Over the past several years, the idea of an investment strategy designed to promote a healthy planet and population has moved from being a niche project into the investing mainstream.
You can invest in funds that align with a variety of environmental and social goals: companies with female CEOs, companies that promote anti-racism, carbon-neutral companies – there are endless possibilities.
So what exactly does “sustainable investing” mean? And how should we define success when the goal is more than simply building wealth? Can we meet environmental or social goals without compromising the fundamentals of prudent – and successful – investment practices?
Today, I want to look at one definition of a “sustainable” investment strategy. Understanding what it is (or can be) is important if you want to consider incorporating such a strategy into your own investment program.
What is Sustainable Investing?
In an increasingly socially aware environment, sustainable investing offers a two-pronged approach to portfolio management, one that weighs both financial and extra-financial impact.
This idea of bringing non-financial goals to the world of investing comes in different forms:
- Environmentally aware investing (“sustainability” falls into this category)
- Socially responsible investing
- Impact investing
- ESG investing (Environmental, Social, Governance)
We’re focusing on “sustainable investing” here, but the letters ESG help lay out the high-level framework upon which the philosophy is built:
- Environmental: How a company impacts the environment, either negatively or positively.
- Social: How a company impacts the people it employs and those it serves. Here, a company may be rated based on diversity, labor standards, or community relations, among other items.
- Governance: How a company is run. This factor may consider executive compensation, illegal activities, labor practices, and more.
Sustainable Investing is Still Investing
Since we use Dimensional Fund Advisors’ funds as foundational components of our portfolios, we were excited to explore DFA’s approach to ESG, and more specifically to sustainability. Like other projects they undertake, DFA’s approach is grounded in sound economics, but with a view toward non-traditional investment goals that is not found in their traditional portfolios. You can think about this in four steps:
1. Start with a Tested and Successful Investment Approach
The foundation of any portfolio strategy still needs to be an investment strategy. In order for a sustainability portfolio to succeed, it must first operate within a proven investment philosophy, adopt clear investment goals, and use a well-defined and successful investment decision process.
2. Understand What Drives Environmental Outcomes
There are dozens of possible non-investment specific outcomes that one can target, and even more possible ways of evaluating social or environmental impact. But which ones really matter? Having too many goals is, unfortunately, like having none. So DFA turned to sustainability experts to learn how they could best evaluate environmental impact. And it turned out that one factor trumped all the others: greenhouse gas emissions.

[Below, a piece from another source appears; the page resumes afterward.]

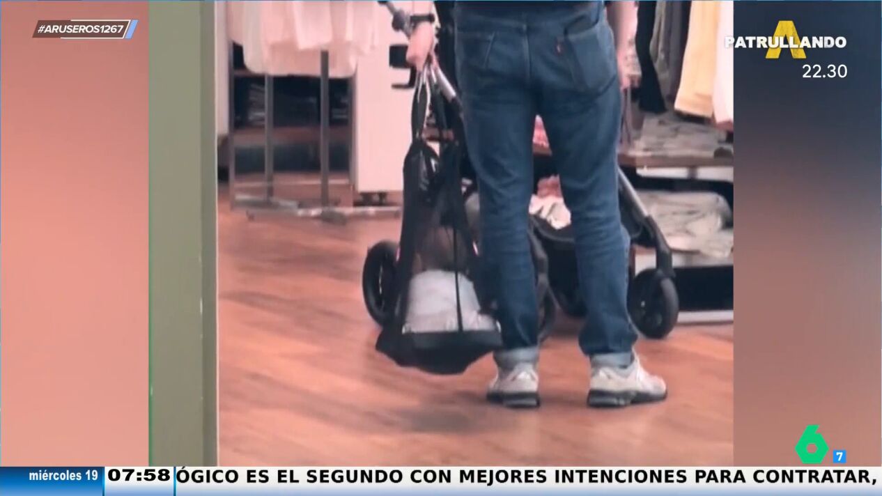 Una bolsa de rejilla negra y grande, típica de algunas tiendas de ropa, y paciencia para estar balanceado una y otra vez al hijo, es el nuevo método casero que utiliza un padre para columpiar al niño. Tal y como podemos ver en este vídeo de Arusder@s, el padre se pasea por la tienda mientras columpia a su hijo en el 'balancín casero'.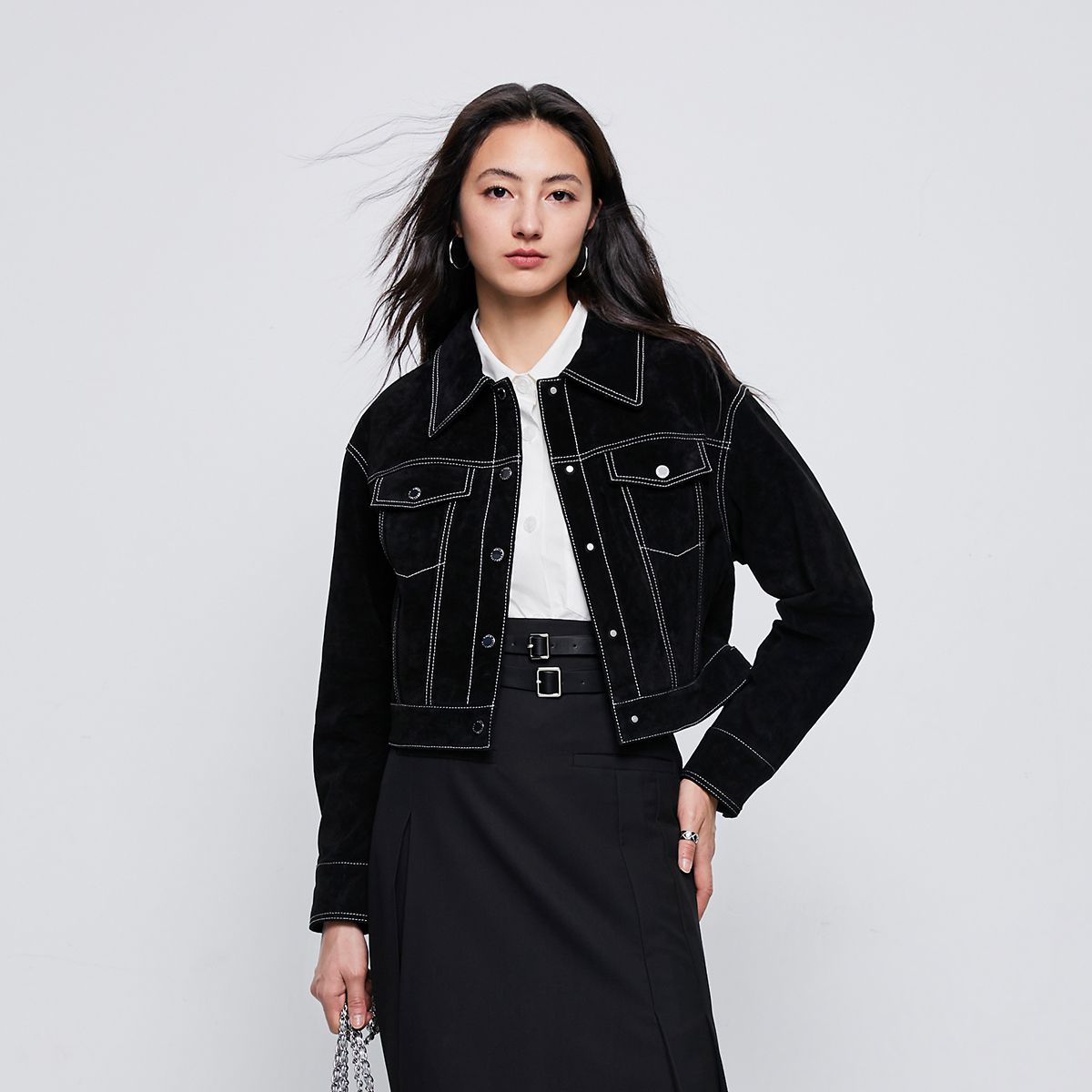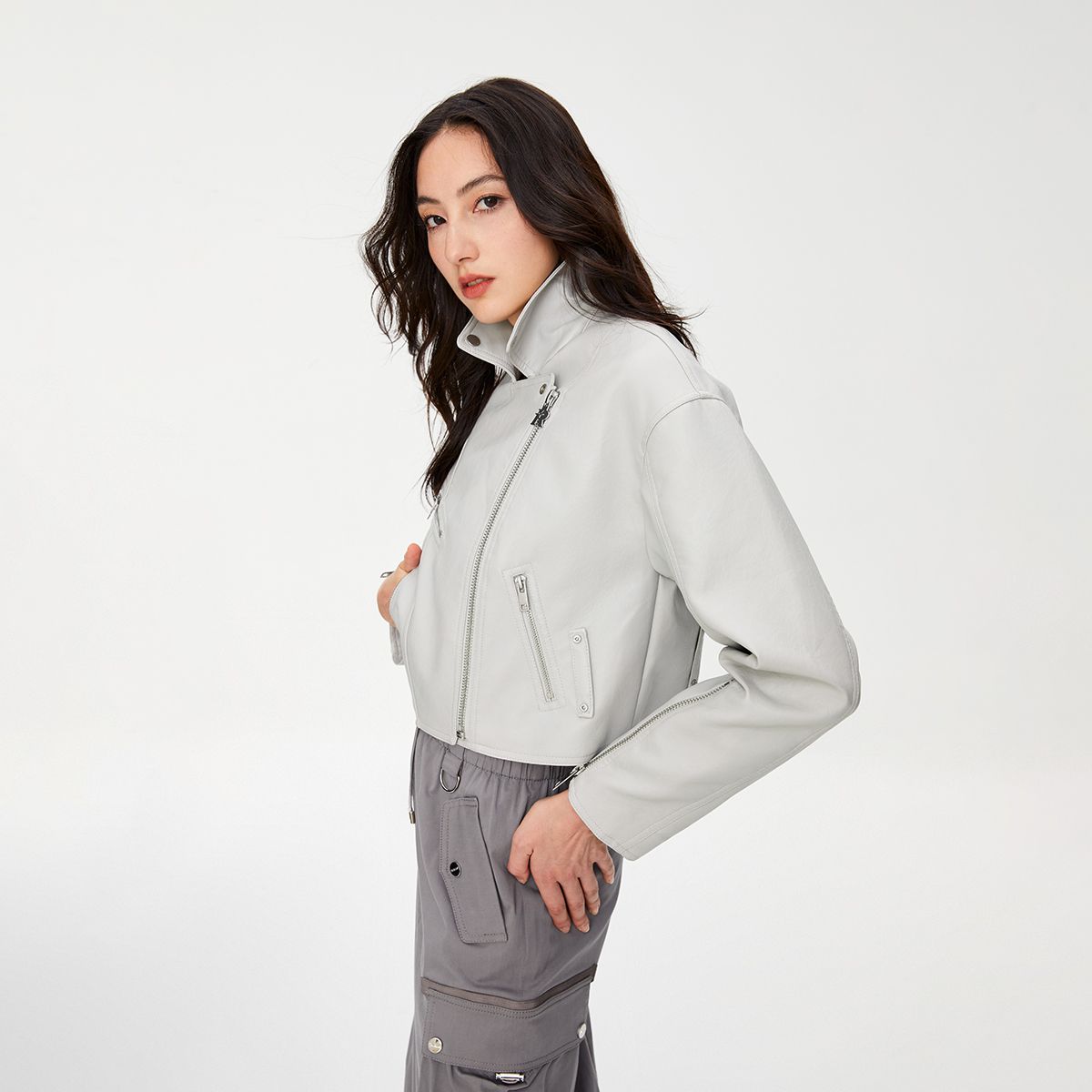 【翻领皮衣】春季精致短款翻领直筒夹克皮衣女 056218

3. Incorporate Sustainability Criteria into the Investing Process
Armed with that perspective, DFA then focused on how to build a great portfolio by investing in companies that, taken together, have a significantly smaller greenhouse gas emission footprint than a traditional portfolio with similar investment goals.
To be sure, other social and environmental considerations can also play a role in portfolio decisions. Yet the key to the overall success of such a portfolio is an ability to balance a few primary, and clearly understood objectives. The fact is that if you take an extremely “reductive” approach – one that seeks to eliminate every company that does anything you remotely disagree with – you are likely to end up with a poorly performing portfolio. In addition, you won’t be in a position to voice stakeholder concerns with portfolio companies, an activity that can also have positive, long-term outcomes.
4. Deliver Positive and Reliable Outcomes
If ESG funds did not deliver balanced results, few investors would buy them. The ultimate goal of any fund – sustainability-focused or otherwise – is to provide positive long-term results. And in the case of DFA’s Sustainability Core portfolios, the funds deliver comparable results to traditional core equity funds over time. Indeed, during the recent COVID crisis, global Sustainability Core funds delivered results that were actually superior to more traditional approaches. And although we cannot expect or promise that such outperformance will persist, it is good to know that it can and does also occur.
Relative Performance of DFA’s Traditional Core & Sustainability Core Funds
Is Sustainable Investing Right for You?
At Griffin Black, sustainability funds are one of many options available to our clients. Our advisors make recommendations based on your goals and values, and if sustainable investing is important to you, we are happy to help you understand your options. Ultimately, we believe this is a personal choice. There are many ways to support causes and goals you believe in, and those concerns don’t have to be part of your investing strategy. That said, if sustainability is a consideration you’d like to incorporate into your investment program, it’s good to know that you can do so without necessarily sacrificing your fundamental investment goals.